Problem to solve ▸
What you should give back is a precise copy of the lines below from the one containing "Parts for Kenmore" through the one containing "酒店是云锦未来酒店集团旗下中", with no pictures.

Data for this task ▸
________________________

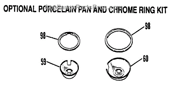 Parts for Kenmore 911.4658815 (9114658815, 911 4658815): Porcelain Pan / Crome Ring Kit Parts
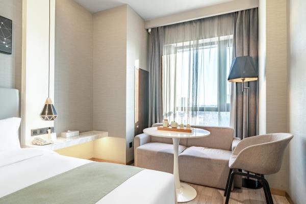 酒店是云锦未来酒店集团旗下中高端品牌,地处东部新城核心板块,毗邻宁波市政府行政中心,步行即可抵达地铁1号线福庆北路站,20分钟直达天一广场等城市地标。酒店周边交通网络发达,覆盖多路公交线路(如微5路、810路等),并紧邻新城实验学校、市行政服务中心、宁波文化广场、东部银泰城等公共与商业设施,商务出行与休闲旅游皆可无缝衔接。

________________________

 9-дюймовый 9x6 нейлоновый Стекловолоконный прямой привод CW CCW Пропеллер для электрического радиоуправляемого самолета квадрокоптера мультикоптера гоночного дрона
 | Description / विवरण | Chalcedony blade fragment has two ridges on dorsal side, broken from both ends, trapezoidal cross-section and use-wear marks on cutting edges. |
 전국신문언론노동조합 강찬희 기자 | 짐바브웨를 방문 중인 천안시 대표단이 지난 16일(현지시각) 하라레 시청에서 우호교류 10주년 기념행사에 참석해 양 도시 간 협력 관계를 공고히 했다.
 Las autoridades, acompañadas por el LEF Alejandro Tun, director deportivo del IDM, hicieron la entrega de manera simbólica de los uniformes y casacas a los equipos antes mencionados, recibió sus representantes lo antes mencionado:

________________________

Solution ▸
 Parts for Kenmore 911.4658815 (9114658815, 911 4658815): Porcelain Pan / Crome Ring Kit Parts
 酒店是云锦未来酒店集团旗下中高端品牌,地处东部新城核心板块,毗邻宁波市政府行政中心,步行即可抵达地铁1号线福庆北路站,20分钟直达天一广场等城市地标。酒店周边交通网络发达,覆盖多路公交线路(如微5路、810路等),并紧邻新城实验学校、市行政服务中心、宁波文化广场、东部银泰城等公共与商业设施,商务出行与休闲旅游皆可无缝衔接。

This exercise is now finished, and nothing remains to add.